Cependant la pauvre demoiselle était un peu revenue à elle-même. À ces derniers mots, elle reprit avec assez de vivacité : « Qu’a-t-il dit de la perte de son temps ? J’ai appris quatre langues, pour le soulager dans ses travaux ; j’ai lu mille volumes ; j’ai écrit, traduit, copié les jours et les nuits ; j’ai épuisé mes forces, usé mes yeux, brûlé mon sang ; j’ai contracté une maladie fâcheuse, dont je ne guérirai peut-être jamais. La cause de son dégoût, il n’ose l’avouer ; mais vous allez la connaître. » À l’instant elle arrache son fichu ; elle sort un de ses bras de sa robe ; elle met son épaule à nu ; et, me montrant une tache érysipélateuse : « La raison de son changement, la voilà, me dit-elle, la voilà ; voilà l’effet des nuits que j’ai veillées. Il arrivait le matin avec ses rouleaux de parchemin. M. d’Hérouville, me disait-il, est très-pressé de savoir ce qu’il y a là dedans ; il faudrait que cette besogne fût faite demain ; et elle l’était… » Dans ce moment, nous entendîmes le pas de quelqu’un qui s’avançait vers la porte ; c’était un domestique qui annonçait l’arrivée de M. d’Hérouville. Gardeil en pâlit. J’invitai Mlle de La Chaux à se rajuster et à se retirer… « Non, dit-elle, non ; je reste. Je veux démasquer l’indigne. J’attendrai M. d’Hérouville, je lui parlerai. — Et à quoi cela servira-t-il ? — À rien, me répondit-elle ; vous avez raison. — Demain vous en seriez désolée. Laissez-lui tous ses torts ; c’est une vengeance digne de vous. — Mais est-elle digne de lui ? Est-ce que vous ne voyez pas que cet homme-là n’est… Partons, monsieur, partons vite ; car je ne puis répondre ni de ce que je ferais, ni de ce que je dirais… » Mlle de La Chaux répara en un clin d’œil le désordre que cette scène avait mis dans ses vêtements, s’élança comme un trait hors du cabinet de Gardeil. Je la suivis, et j’entendis la porte qui se fermait sur nous avec violence. Depuis, j’ai appris qu’on avait donné son signalement au portier.

Je la conduisis chez elle, où je trouvai le docteur Le Camus, qui nous attendait. La passion qu’il avait prise pour cette jeune fille différait peu de celle qu’elle ressentait pour Gardeil. Je lui fis le récit de notre visite ; et tout à travers les signes de sa colère, de sa douleur, de son indignation…
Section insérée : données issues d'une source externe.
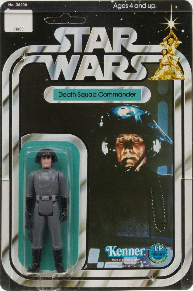 Star Wars Vintage action figure Death Squad Commander produced in 1977 on 12 back card. Part of the first 12 release from Kenner to support Star Wars, A New Hope.
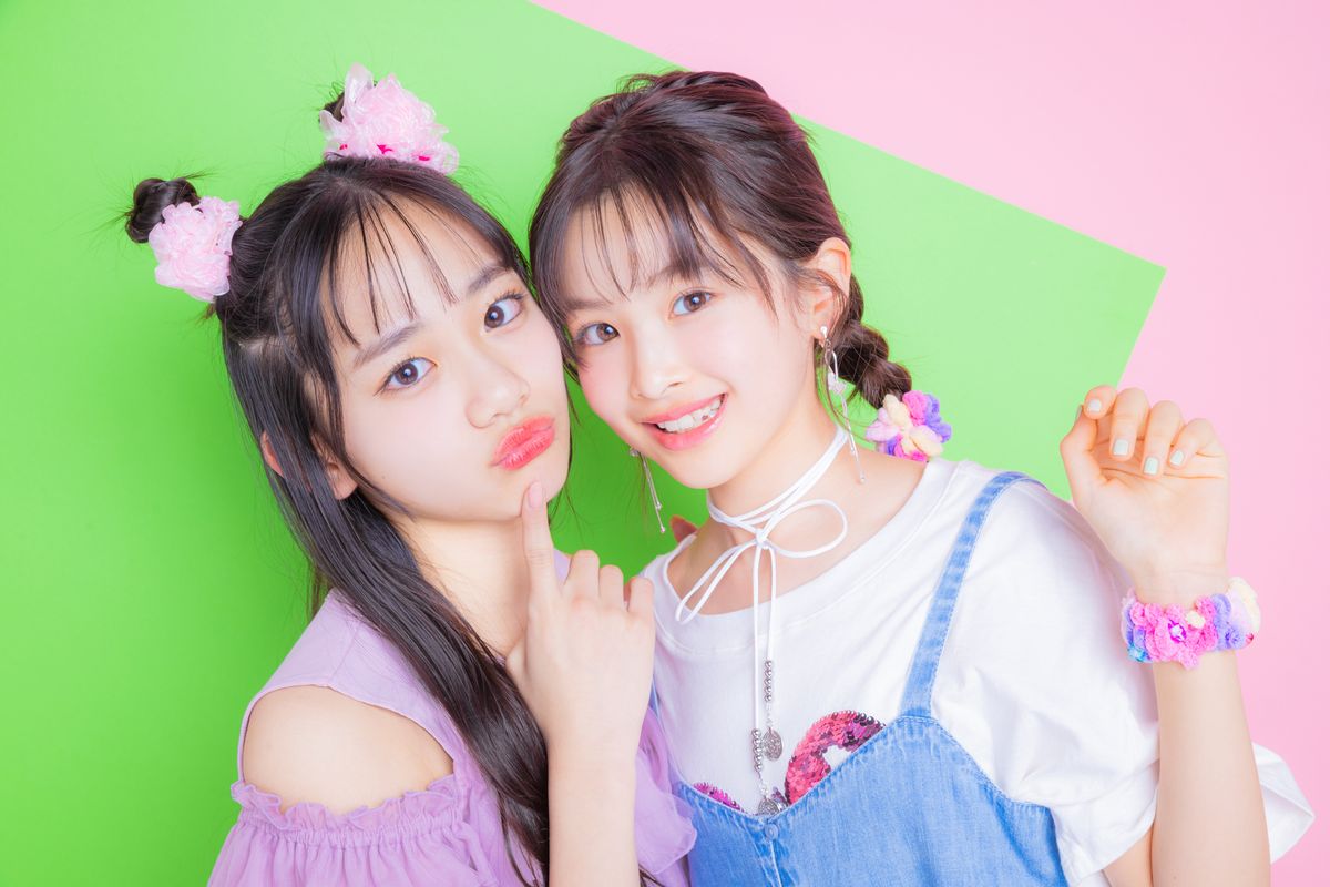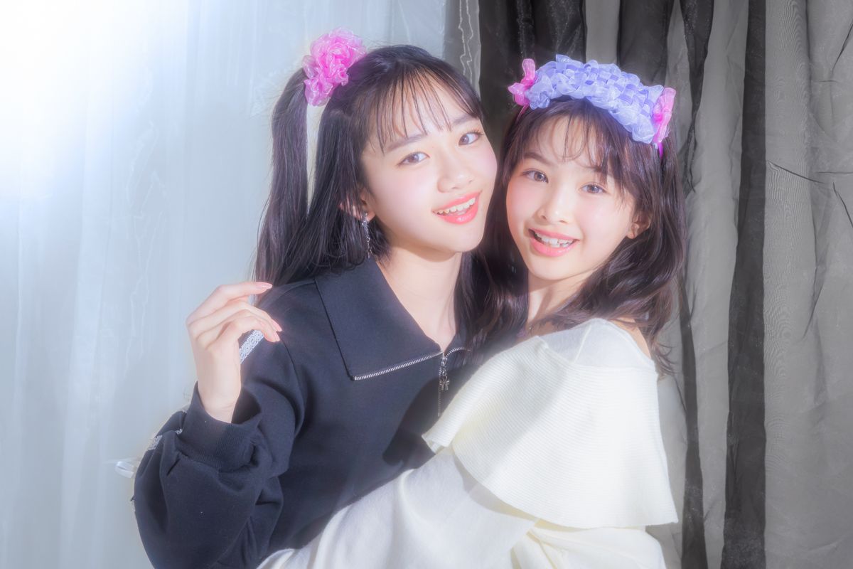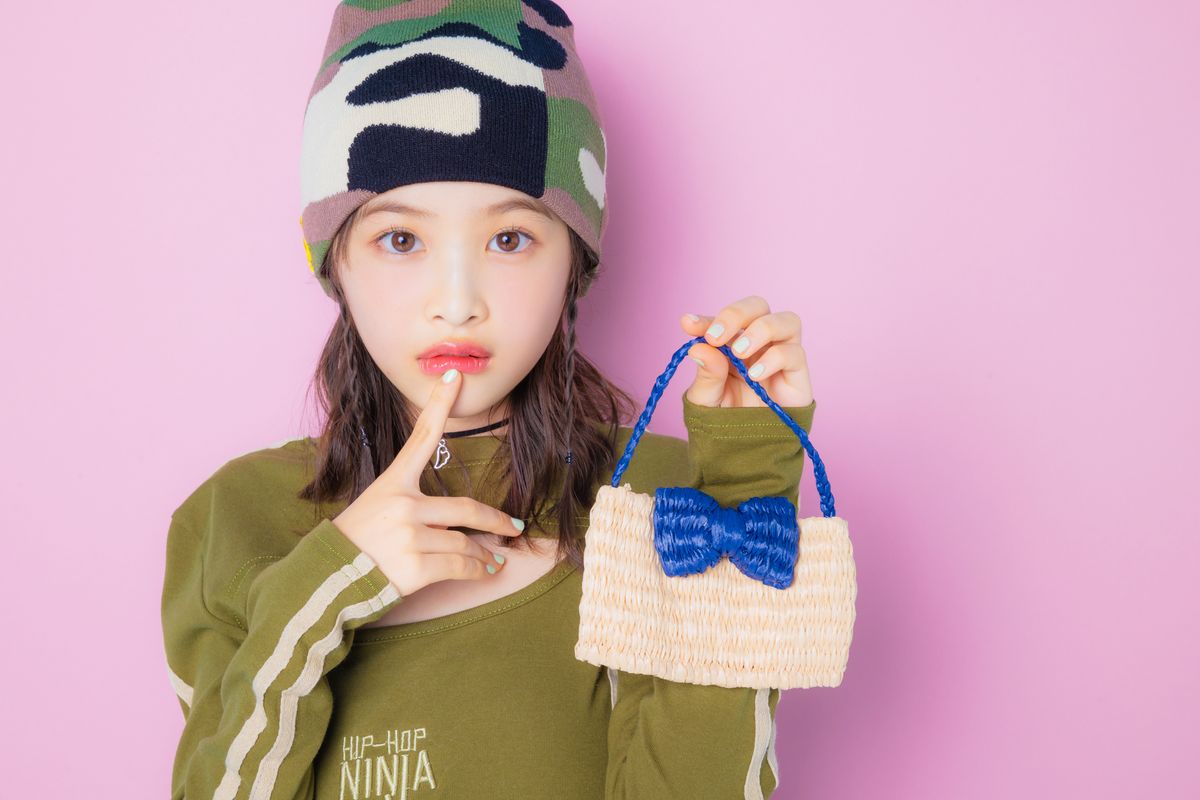 ありす☆トップス¥3380/URBAN CHERRY ミニスカート¥4990/ピンク ラテ ニット帽¥2197/SPINNS チョーカー¥660/パリスキッズ原宿本店 ちひな☆スウェット¥3990/ピンク ラテ イヤリング¥550/パリスキッズ原宿本店
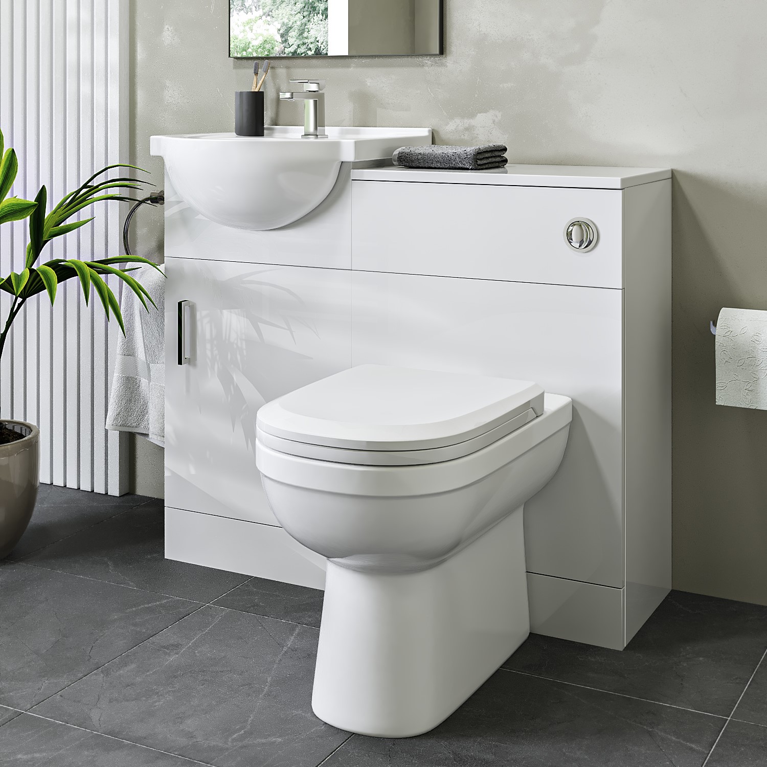 Behind the soft-close door, you’ll find two practical storage compartments to keep your toiletries or cleaning products tidy and accessible. The semi recessed ceramic basin is durable, easy to clean, with a predrilled tap hole for you to add a chrome cloakroom mono basin mixer tap of your choice. Alongside the vanity Included is a round back-to-wall toilet paired with a soft-close seat for added comfort and quieter use. The toilets ceramic construction allows for long lasting durability to everyday wear and tear whilst the gloss white finish allows for easy cleaning.
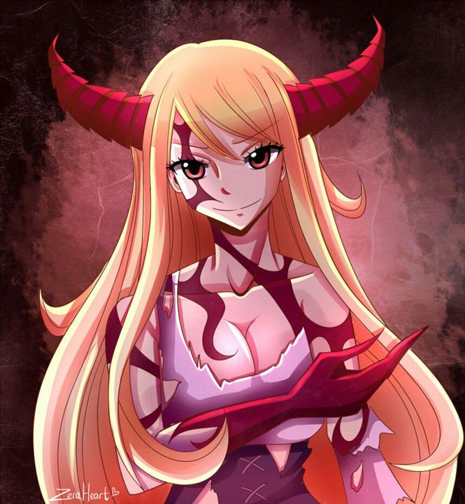 Một luồng khí màu đen bắt đầu bao quanh Lucy. Trong màn khí, trên đầu cậu mọc đôi sừng, đôi mắt nâu ấm áp không còn nữa mà thay vào đó là đôi mắt đỏ như máu tràn đầy sự sắc sảo. Bên tay phải xuất hiện vảy như loài rồng. Toàn thân đầy những vần đỏ, xung quanh toàn hắc khí

— Il n’était pas trop difficile de démêler sur son visage que votre peu de succès ne lui déplaisait pas trop.

— Il est vrai.

— Voilà l’homme. Il n’est pas meilleur que cela.
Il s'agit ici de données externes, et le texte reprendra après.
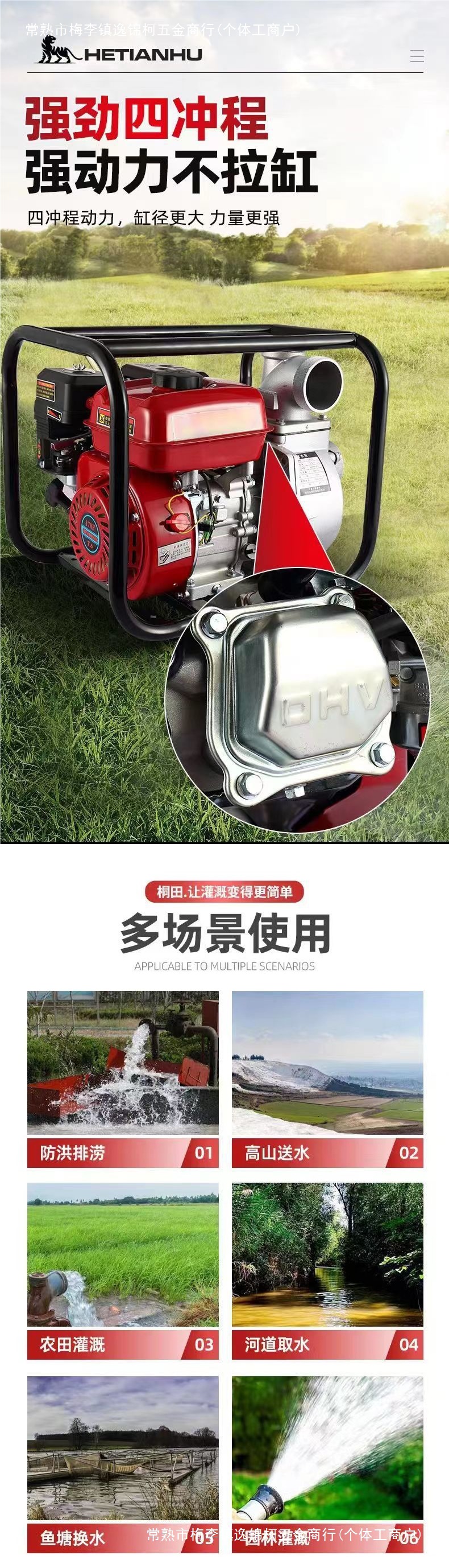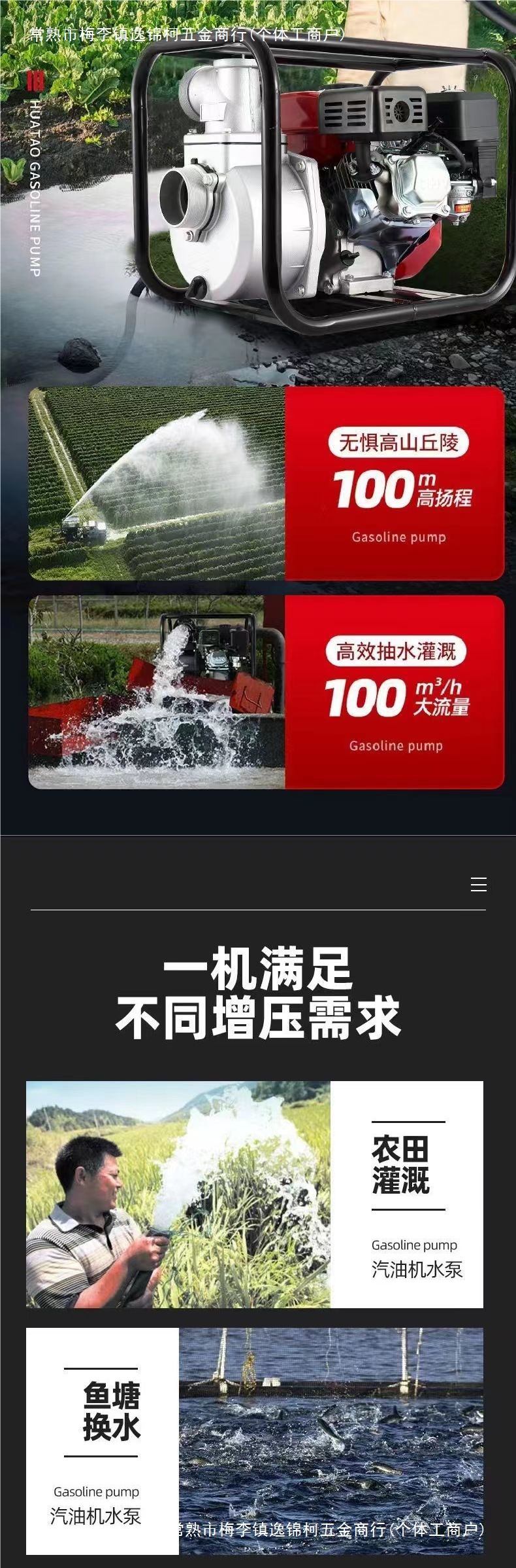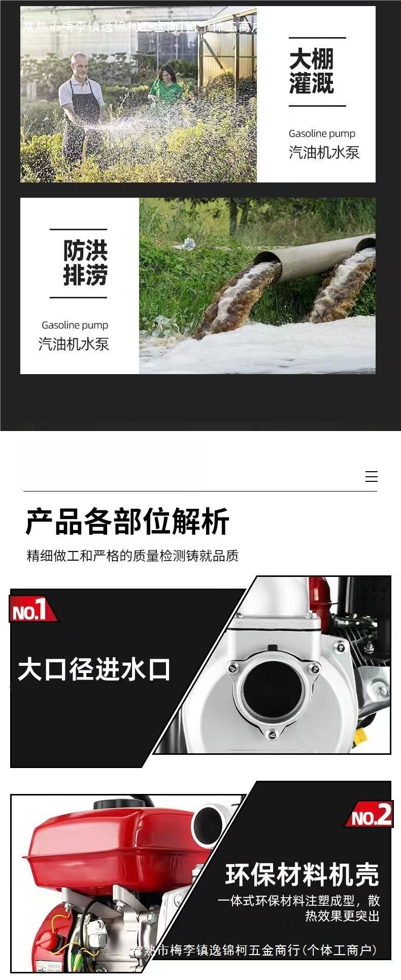 • 증가 4inch 가솔린 엔진 (대형 연료 탱크 및 대형 펌프 본체) + 표준 구성 + 3m 강선 물 유입 파이프 + 3

— Cette rupture fut suivie d’une maladie violente, pendant laquelle le bon, l’honnête, le tendre et délicat docteur lui rendait des soins qu’il n’aurait pas eus pour la plus grande dame de France. Il venait trois, quatre fois par jour. Tant qu’il y eut du péril, il coucha dans sa chambre, sur un lit de sangle. C’est un bonheur qu’une maladie dans les grands chagrins.
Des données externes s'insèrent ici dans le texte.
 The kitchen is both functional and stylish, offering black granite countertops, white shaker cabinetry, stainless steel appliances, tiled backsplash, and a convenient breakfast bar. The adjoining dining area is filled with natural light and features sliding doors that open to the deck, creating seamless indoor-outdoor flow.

— En nous rapprochant de nous, elle écarte le souvenir des autres. Et puis c’est un prétexte pour s’affliger sans indiscrétion et sans contrainte.

— Cette réflexion, juste d’ailleurs, n’était pas applicable à Mlle de La Chaux.

Pendant sa convalescence, nous arrangeâmes l’emploi de son temps. Elle avait de l’esprit, de l’imagination, du goût, des connaissances, plus qu’il n’en fallait pour être admise à l’Académie des inscriptions. Elle nous avait tant et tant entendus métaphysiquer, que les matières les plus abstraites lui étaient devenues familières ; et sa première tentative littéraire fut la traduction des Essais sur l’entendement humain, de Hume. Je la revis ; et, en vérité, elle m’avait laissé bien peu de chose à rectifier. Cette traduction fut imprimée en Hollande et bien accueillie du public.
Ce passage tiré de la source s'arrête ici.